Subjects included 128 males and 84 females with a mean age of 50.6 years, mean BMI of 23.2, and mean duration of symptoms of 5.6 months. The duration of symptoms was shorter in group R than in group N (p = 0.02). Surgery after condoliase therapy was more frequent and improvements in VAS were fewer in group N than in the other two groups (both p < 0.01). The high intensity zone (HIZ) of hernia was more frequent in group R than in the other two groups (p < 0.01).

Conclusions

The present study revealed that patients with hernia reduction had a shorter duration of symptoms, more frequent HIZ of herniation, and pain relief early after condoliase therapy. Furthermore, approximately 50 % of cases without hernia reduction showed signal intensity changes within the herniation. These cases also had a shorter duration of symptoms and achieved pain relief after condoliase therapy.
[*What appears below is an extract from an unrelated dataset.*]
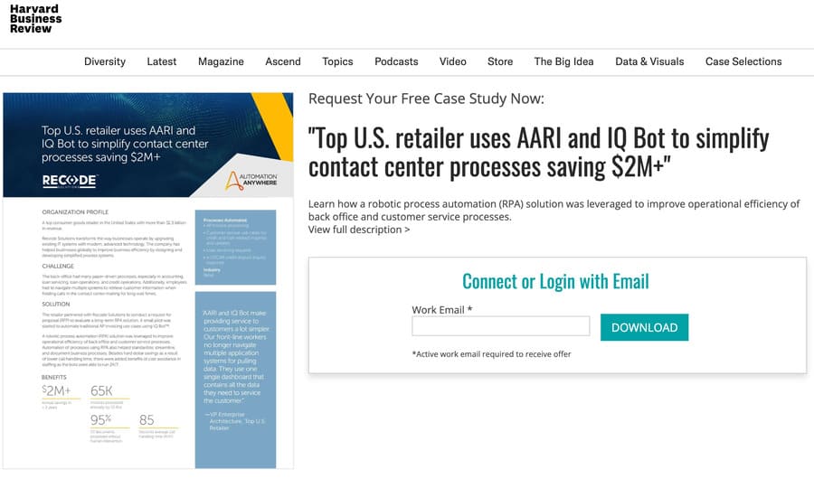 It provides strategic direction to business owners as they sample the Harvard Business Review’s valuable insight and enter the organization’s email marketing funnel.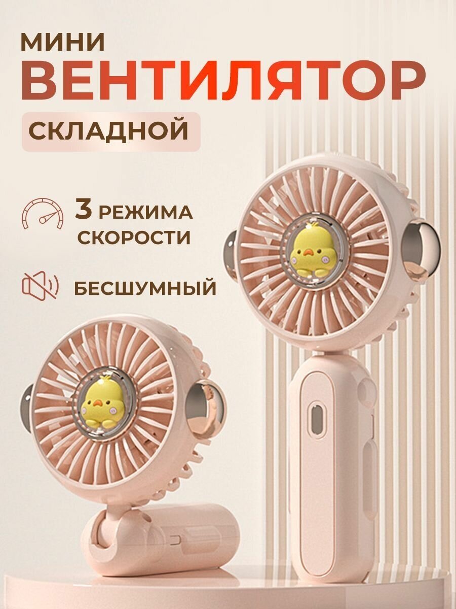 Портативный беспроводной мини-вентилятор ручной BlueStar 3 Speed Type - C, Kawaii кепка розовая

背景:很少有研究调查吊唁酶治疗后腰椎间盘突出症(LDH)减轻和信号强度变化的相关因素。本研究的目的是探讨LDH患者注射前后对疝减少的影响因素和吊慰剂治疗后磁共振图像信号强度的变化。方法:本回顾性双中心研究调查了2018年8月至2024年7月期间接受吊唁治疗的LDH引起的单侧腿痛患者。根据mri检查结果将患者分为三组:R组:疝复位;C组:疝未复位,信号强度改变;N组:无疝缩小或信号强度改变。检查三组患者的性别、年龄、体重指数、症状持续时间、突出程度、神经学和影像学表现、腿部疼痛的视觉模拟评分(VAS)评分和Oswestry残疾指数。结果:受试者男性128人,女性84人,平均年龄50.6岁,平均BMI为23.2,平均症状持续时间为5.6个月。R组症状持续时间短于N组(p = 0.02)。与其他两组相比,N组术后手术次数较多,VAS改善程度较低(p < 0.01)。R组疝高强度区发生率高于其他两组(p < 0.01)。结论:本研究显示,疝减压术患者的症状持续时间较短,疝的HIZ发生率较高,吊唁治疗后疼痛早期缓解。此外,约50%没有疝复位的病例显示疝内信号强度改变。这些病例的症状持续时间也较短,在吊唁治疗后疼痛得到缓解。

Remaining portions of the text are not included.